Department of Psychological Medicine, Max-Grundig-Clinic, Bühl/Baden, Department of Psychiatry and Psychotherapy at the Charité Campus Mitte, Berlin, Department of Psychiatry and Psychotherapy, University Hospital of Freiburg, Department of Psychiatry and Psychotherapy, University Medical Center Mainz.
Dtsch Arztebl Int. 2014 Apr 18;111(16):280-6. doi: 10.3238/arztebl.2014.0280.
Borderline personality disorder (BPD) affects 2.7% of adults. About 78% of adults with BPD also develop a substance-related disorder or addiction at some time in their lives. These persons are more impulsive and clinically less stable than BPD patients without substance dependency. They display suicidal behavior to a greater extent, drop out of treatment more often, and have shorter abstinence phases. The combination of borderline personality disorder with addiction requires a special therapeutic approach.
This review is based on a selective literature search about the treatment of patients with BPD and addiction, with particular attention to Cochrane Reviews and randomized controlled trials (RCT).
The available evidence is scant. In two RCTs, Dialectical Behavior Therapy for Substance Use Disorders (DBT-SUD) was found to improve patients' overall functional level (standardized mean difference, 1.07-1.78) and to increase the number of abstinence days (effect strength [ES], 1.03) and negative urine samples (ES, 0.75).

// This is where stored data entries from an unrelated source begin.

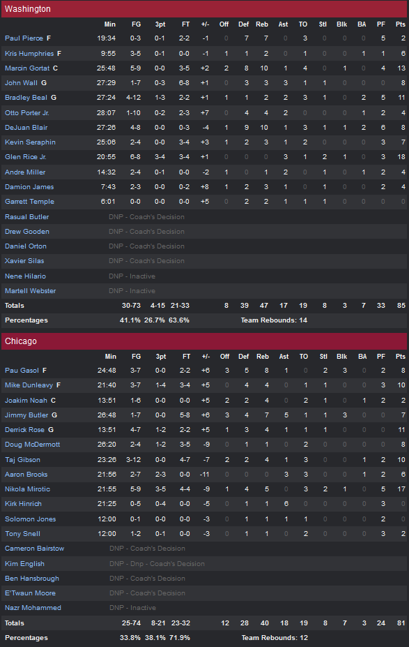 Chicago Bulls – Washington Wizards 81-85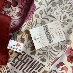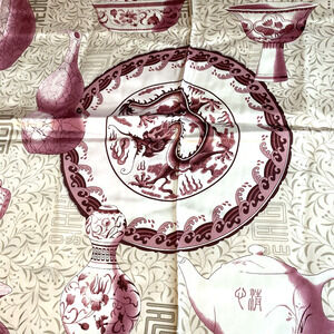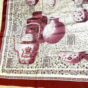 Large Silk Scarf 42 in square NWT silky Asian red pink teapots vessels vases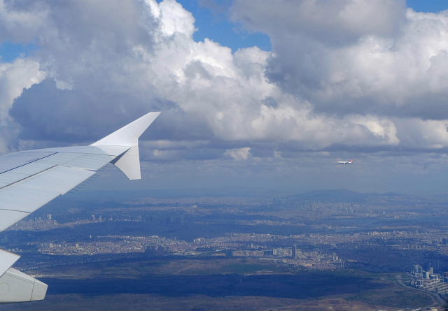 12時になったのでゲートに行くと……またディレイ、12時45分が13時15分発になっていた。当初からだと1時間遅れることになる。トルコ航空では遅れるのが日常なんかな。ナンとか機内に入ってみると機種はA330、国内線なのに大型機なんだ。飛行時間が1時間チョイなのに一応機内食(パンとドリンク)が出た。飛行コースは空港から一旦海に出てからUターンして陸地に戻り、ウスパルタ、アフヨン、キュタフヤ上空を通りイスタンブール手前で黒海に出た。もうすぐ空港かと思ってるとまた地中海側に進路を変えてから空港に向かった。これが普通コースなんかな。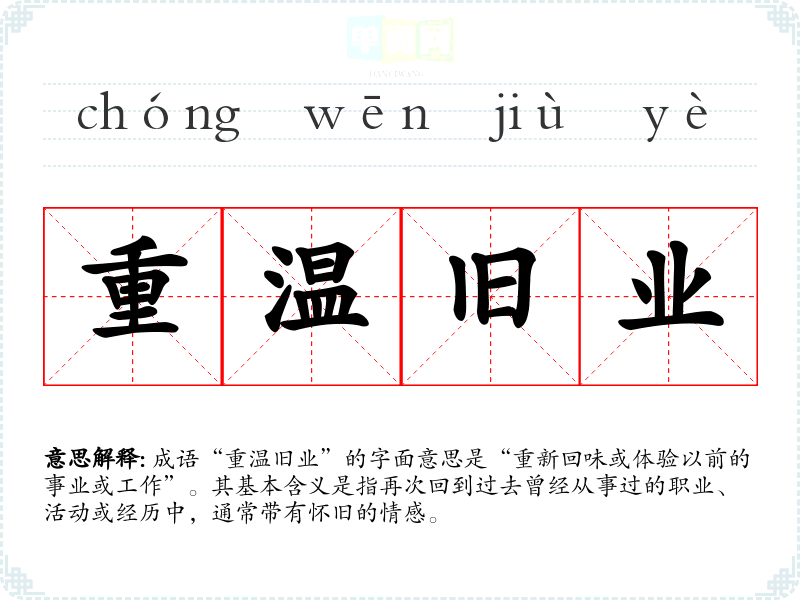 成语“重温旧业”的字面意思是“重新回味或体验以前的事业或工作”。其基本含义是指再次回到过去曾经从事过的职业、活动或经历中,通常带有怀旧的情感。

Dual focus schema therapy (DFST) was evaluated in three RCTs. Because of methodological problems, however, no useful quantitative comparison across trials is possible. In one RCT, dynamic deconstructive psychotherapy (DDP) was found to have only a moderate, statistically insignificant effect. Only a single study provides data about potentially helpful drug therapy over the intermediate term.
Patients with borderline personality disorder and comorbid addiction should be treated as early as possible for both conditions in a thematically hierarchical manner. There is no evidence for any restriction on drug therapy to prevent recurrent addiction in these patients. The psychotherapeutic techniques that can be used (despite the currently inadequate evidence base) include DBT-SUD, DFST, and DDP. These patients need qualified expert counseling in choosing a suitable type of psychotherapy. Specific treatment is available in only a few places, and the relevant treatment networks in Germany are just beginning to be constructed.
边缘型人格障碍(BPD)影响 2.7%的成年人。大约 78%的 BPD 患者在其一生中的某个时候也会发展出物质相关障碍或成瘾。这些人与没有物质依赖的 BPD 患者相比,更冲动,临床稳定性更差。他们表现出更大程度的自杀行为,更频繁地退出治疗,并且禁欲期更短。边缘型人格障碍与成瘾的结合需要特殊的治疗方法。
这篇综述是基于对治疗 BPD 和成瘾患者的文献进行的选择性搜索,特别关注 Cochrane 综述和随机对照试验(RCT)。
现有证据很少。在两项 RCT 中,发现辩证行为治疗物质使用障碍(DBT-SUD)可提高患者的整体功能水平(标准化均数差,1.07-1.78)和增加禁欲天数(效应强度[ES],1.03)和阴性尿液样本(ES,0.75)。双焦点图式治疗(DFST)在三项 RCT 中进行了评估。然而,由于方法学问题,无法在试验之间进行有用的定量比较。在一项 RCT 中,发现动态解构心理治疗(DDP)仅有适度的、统计学上无显著意义的效果。只有一项研究提供了关于在中期对可能有帮助的药物治疗的数据。
边缘型人格障碍和共病成瘾的患者应尽早针对两种疾病进行治疗,采用主题层次化的方式。这些患者不应限制药物治疗以预防复发性成瘾。可以使用的心理治疗技术(尽管目前的证据基础不足)包括 DBT-SUD、DFST 和 DDP。这些患者需要在选择合适的心理治疗类型方面接受合格的专家咨询。在德国,只有少数地方提供特定的治疗,相关的治疗网络才刚刚开始建立。